Едва линейка миновала ворота, как от крыльца отошел и вразвалочку потянулся к ним низкорослый, почти квадратный усач в заношенной и давно вышедшей из официального употребления индиговой паре и в огромных, не по росту, болотных сапогах.
- Рад - не рад - принимай. - Говоря, он старался не глядеть в Андрееву сторону. - У меня коровы все звезды пересчитали… "Сам" нагрянул, приказал перекрыть… Так что - хочешь не хочешь - сорок кубов надо, как одна копейка… Держи билет… Столби делянку… Нынче и свалим… - Он неожиданно ожег Андрея почти невидящим взглядом крохотных, глубоко запрятанных в складках апоплексической кожи глаз. - Ну, чего смотришь? Что я из-за твоего леса под суд идти должен? Хером что ли я коровник крыть буду? - И, сплюнув в сердцах, снова отвернулся. - Пропадай оно все пропадом!

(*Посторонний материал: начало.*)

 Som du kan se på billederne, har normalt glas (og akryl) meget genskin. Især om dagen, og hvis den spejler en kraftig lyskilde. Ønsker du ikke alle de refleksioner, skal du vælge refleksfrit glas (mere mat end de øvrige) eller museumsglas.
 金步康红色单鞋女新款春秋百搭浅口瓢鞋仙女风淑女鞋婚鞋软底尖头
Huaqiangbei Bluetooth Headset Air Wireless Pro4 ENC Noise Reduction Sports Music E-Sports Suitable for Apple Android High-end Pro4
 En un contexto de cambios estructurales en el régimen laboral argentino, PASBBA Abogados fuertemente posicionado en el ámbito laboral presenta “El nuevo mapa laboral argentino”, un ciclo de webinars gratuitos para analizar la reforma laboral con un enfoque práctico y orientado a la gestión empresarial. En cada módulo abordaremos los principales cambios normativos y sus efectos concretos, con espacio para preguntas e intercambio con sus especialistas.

Речь усача Андрей дослушивал, стоя спиной к нему и распрягая лошадь и, вроде бы, оставался равнодушным ко всему, что говорилось здесь, и только чуткие, с дрожью теребящие хомутный ремешок пальцы выдавали лесника. Но когда, наконец, он оборотился, обмякшее лицо его не выражало ничего, кроме вызывающей бесшабашности:
- Какой разговор! Руби, председатель! Рощицу у распадка знаешь? вот ее и руби. Лишнего прихватишь, тоже не беда - сочтемся. - Он шагнул мимо оторопевшего председателя к крыльцу и уже оттуда кивнул брату. - Заходи, Петр Васильевич, чай пить будем…

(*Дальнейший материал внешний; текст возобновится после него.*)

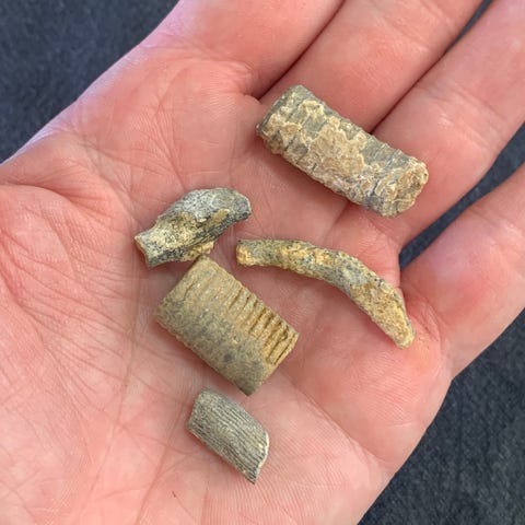 Fossiler, Brakiopoder er et nu næsten uddødt krebsdyr, der bygger musling-lignende skaller, men som ellers intet har med muslinger, at gøre. DEN ER I RIGTIG FIN STAND OG SVÆRE AT FINDE ø 3cm og 1,5 cm høj
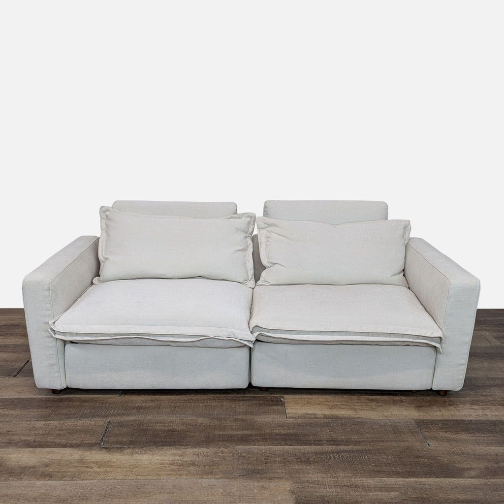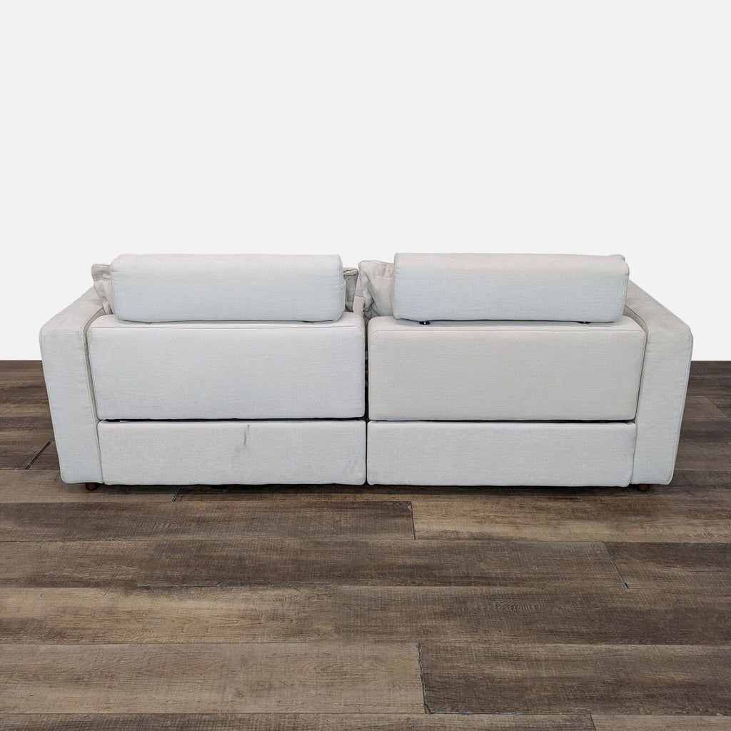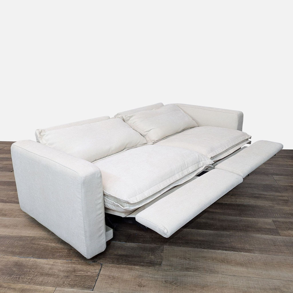 The Luxe sofa by Homebody has three reclining positions: Seated, Relaxed and Zero Gravity Wellness Mode. It also features discreet USB and USB-C Chargers for all your devices.
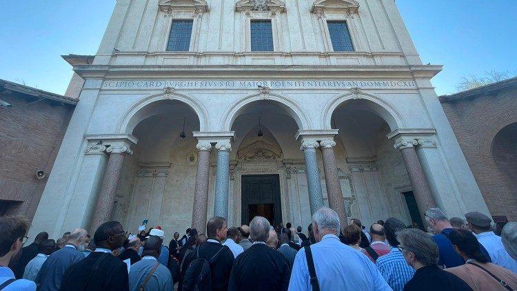 世界主教会议总发言人霍勒利希(Jean-Claude Hollerich)枢机也在圣巴斯弟盎大殿发言,提到罗马初期基督徒的生活,以及葬在地窟内的殉道者的见证。他说:“这次从圣伯多禄大殿出发的朝圣之旅,乃是朝向我们的现实、我们教会现实的一段旅程,其间总是有十字架的映像。我们主教们必须注视自己的十字架,说:上主,我爱祢,我要背起十字架跟随祢!”
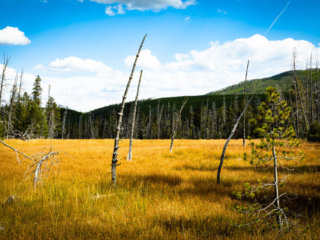 The lonely bent skeletons of long dead lodgepole pines stand, with bent backs surveying their land like crones, in a lush meadow.

С лихорадочной поспешностью Андрей расставил по столу нехитрую снедь, одним ударом вышиб картонную пробку у "московской", до краев заполнил стаканы и лишь после этого сел и молвил печально и глухо:
- Бывай здоров, Петек… Лесу на наш век хватит…
- Брось, не мальчик уже…
- А, черт с ним со всем! - Во внезапной его веселости сквозило отчаянье. - Вот сумеешь ты, Петек, скороговорку сказать: "Цапля сохла, цапля чахла, цапля сдохла"? Или вот еще: "Курка клюет крупку, турка курит трубку"?

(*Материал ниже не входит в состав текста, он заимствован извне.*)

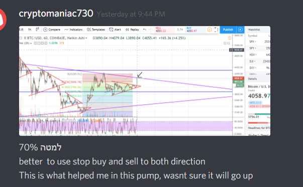 Ive opened a crypto signal group on discord which you can join to with this link : https://discord.gg/edQp2yR right now its free! so join now and tell your friends :) I want to post here my last forecast from yesterday 21:45pm:  As you know bitcoin hit the major new triangle resistance and has dropped to 3970 before it retraced back up to 4010 area! another thing, we should all just have a good look at is this :  I think it puts this new uptrend into perspective.. I also want to say that this is not a financial advice and Im not a financial advisor so do your own due delegions when investing, especially on Bitmex leverage trading as it is en extremely high risk platform. I only show what im doing for all of you who may be interested so I hope you enjoy Thanks alot, Cryptodad
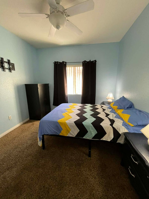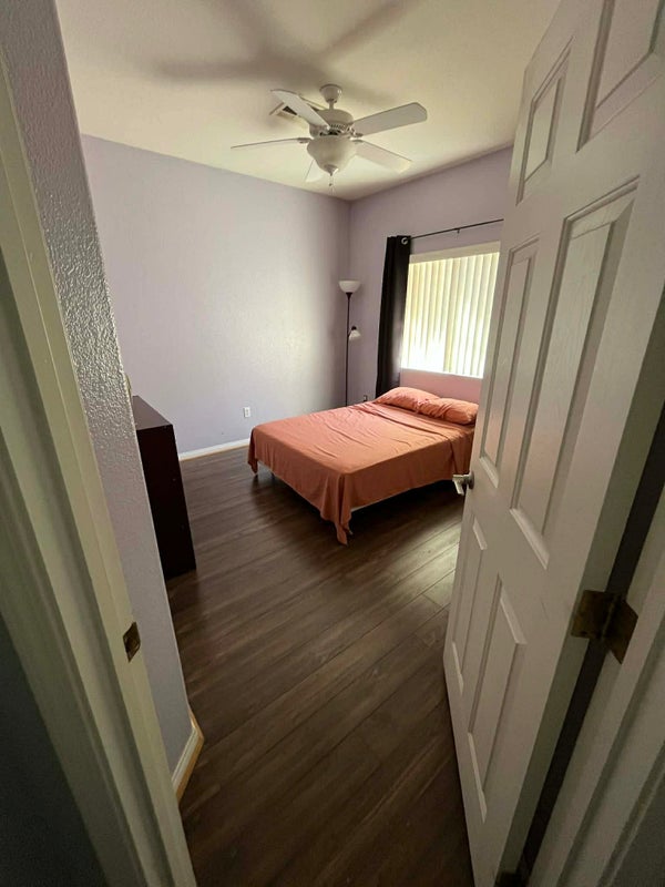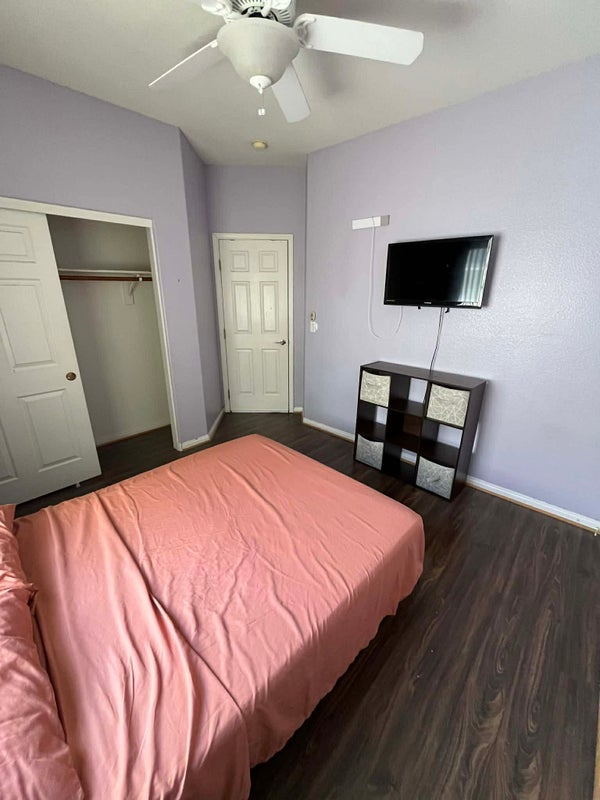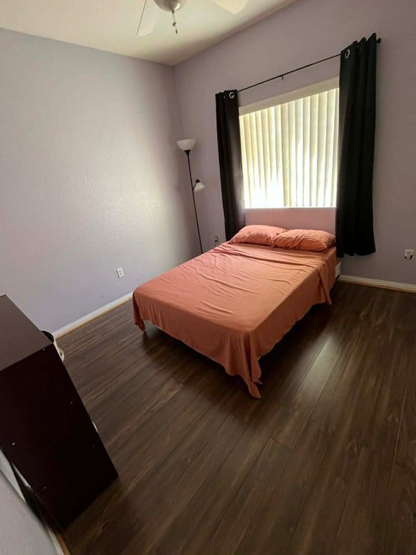 Furnished rooms (2) available on the 2nd floor of a 5-bedroom house located in a quiet, gated community on the southwest (Durango/Twain). Shared bathroom & laundry room also on 2nd floor. Rooms have full-size beds, closets/drawers, ceiling fan, black-out curtains, and TV ( no cable). High speed internet & utilities are included. Welcome use of common areas like: kitchen & the backyard. Parking available. Public transportation, fast food/restaurants, & shopping are conveniently close-by. Females non-smoking only! Must have full-time job. 1st month's rent plus 1 month deposit required. No pets, drugs, or drama! Text if interested.

В полдневной тишине за окном явственно отозвался стук топора. Размножаясь, стук крепчал, становился все чаще и отчетливее.
- А эту, - исступленные глаза Андрея набухали злыми слезами. - "Ехал грека мимо реки, видит грека в реке рак, сунул грека руку в реку, рак за руку грека цап"? - Заглушая дробную поступь лесной рубки, речь его переходила в крик. - "Сидят колпаки не по-колпаковски, надо их переколпаковать"… А?
- Андрюха… Ну что, ей-Богу…
Но тот уже не слушал брата:
- Попробуй скажи: "Погода размокропогодилась, погода рассухоперепогодилась". - Его вдруг прорвало.
- Руби, председатель, руби! - В упор сойдясь заплаканным взглядом с Петром Васильеви-чем, он затрясся мелкой ознобливой дрожью. - Запалю! Запалю! Пускай сгорит лучше! Нету моего больше терпения. Все равно сгрызут все, как моль. Шершеля, шершеля проклятые, свою душу источили, за земь принялись… Пускай все сгорит, только не им в ненасытную их утробу… Шершеля!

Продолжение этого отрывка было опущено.